Extracted data entries:
-- Opening Marker --

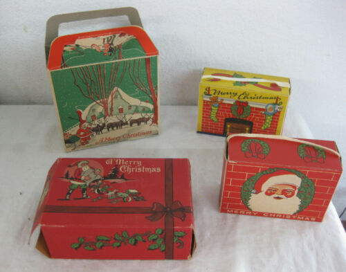 4 Vintage CHRISTMAS Gift/Candy BOX Container USA Happy New Year STOCKINGS Santa
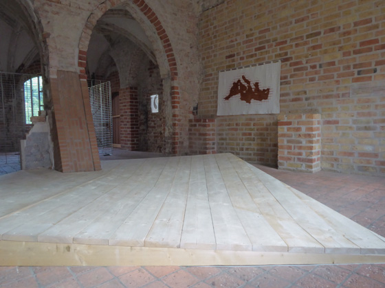 Rauminstallation mit Plattform ca. 4 x 4m, 'tuch' 1,70 x 1,10m, Zitat
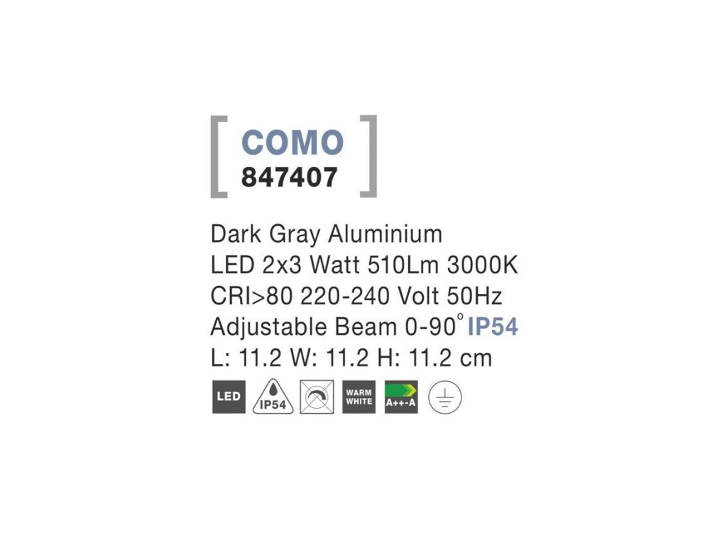Vonkajšie nástenné svietidlo COMO tmavo šedý hliník LED 2x3W 3000K 3000K nastaviteľný uhol 0-90st. IP54
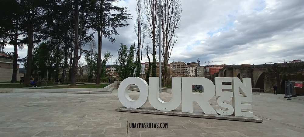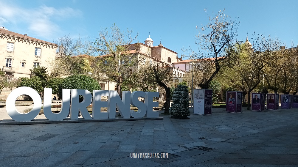 Más adelante, recorriendo la ciudad para ir hacia la catedral, nos encontramos con estas imponentes letras de «Ourense» en la Plaza Obispo Cesáreo, ubicado en frente del conocido parque de la Alameda, que por cierto, forma parte de él.
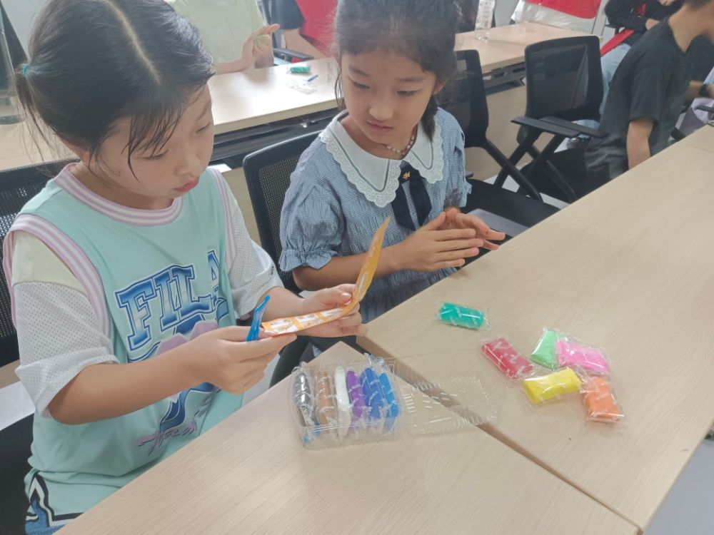 最后是小朋友們最喜歡的環節——動手實踐。實踐團成員給小朋友們分發超輕黏土,并提供亞運會吉祥物的照片,幫助他們一起捏制黏土。五顏六色的黏土在他們靈巧的雙手中,化成或可愛或霸氣的形象。
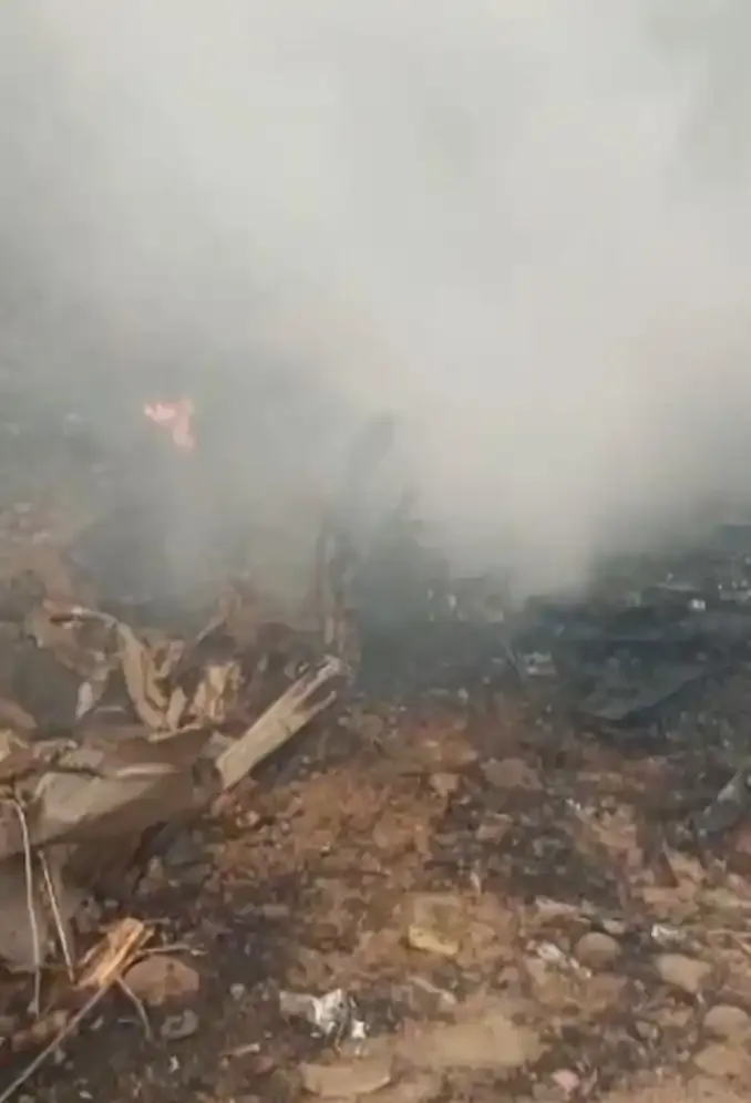 現(xiàn)場(chǎng)畫(huà)面顯示,墜機(jī)現(xiàn)場(chǎng),飛機(jī)損毀嚴(yán)重,殘骸四散,滾滾濃煙從部分殘骸中升起。
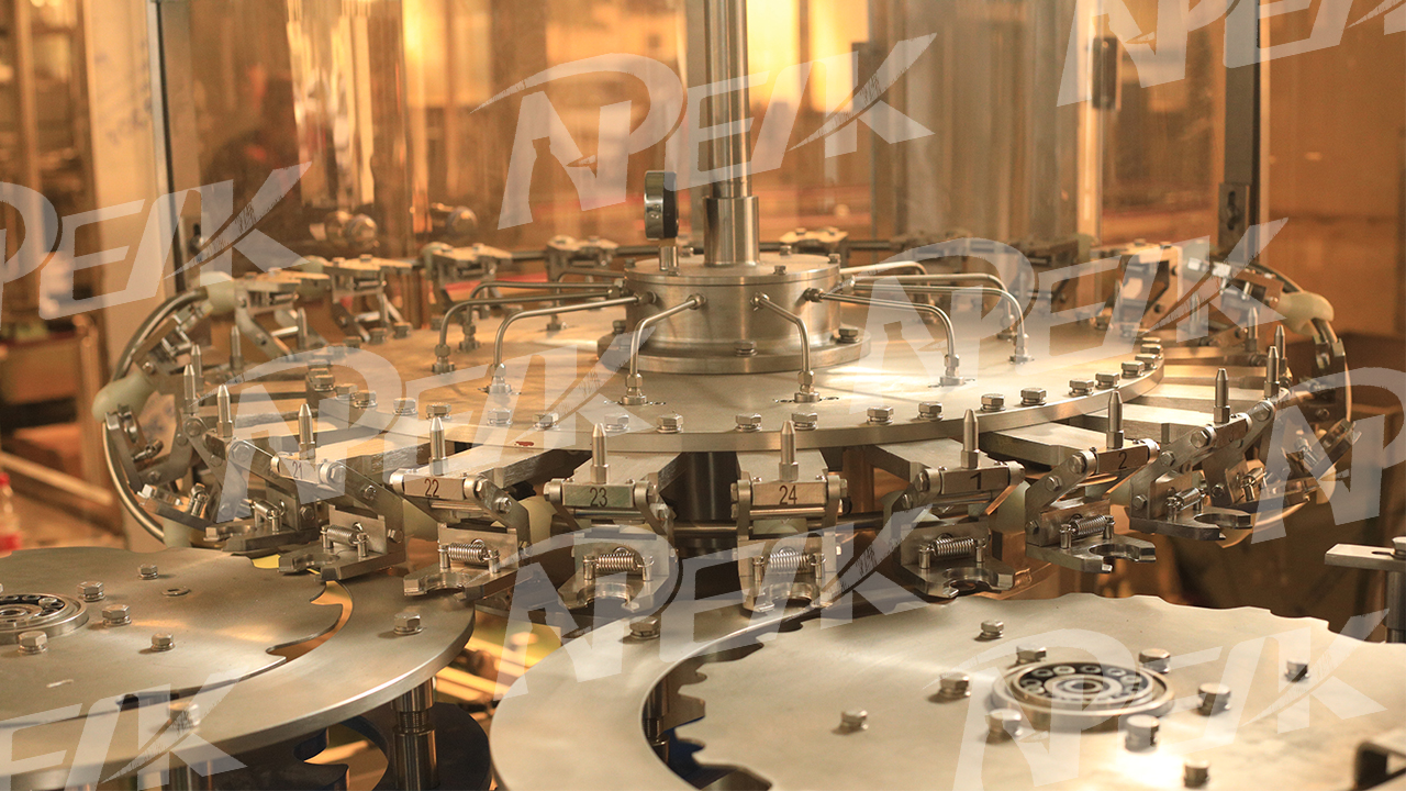 灌裝時(shí)瓶子采用機(jī)械,高速運(yùn)行平穩(wěn) 。瓶口在機(jī)械作用下上升后與灌裝閥密封,然后開(kāi)始灌裝。當(dāng)灌裝設(shè)定液位后,灌裝閥進(jìn)行二次關(guān)閉,灌裝液位準(zhǔn)確,灌裝結(jié)束(灌裝結(jié)束后脫開(kāi)時(shí)的噴料現(xiàn)象污染瓶口)

-- Closing Marker --

▸ **What is required**
Print the lines from the beginning of the records up to and including the line containing "Vonkajšie nástenné svietidlo", word for word, with no pictures.

▸ **Response to this task**
 4 Vintage CHRISTMAS Gift/Candy BOX Container USA Happy New Year STOCKINGS Santa
 Rauminstallation mit Plattform ca. 4 x 4m, 'tuch' 1,70 x 1,10m, Zitat
Vonkajšie nástenné svietidlo COMO tmavo šedý hliník LED 2x3W 3000K 3000K nastaviteľný uhol 0-90st. IP54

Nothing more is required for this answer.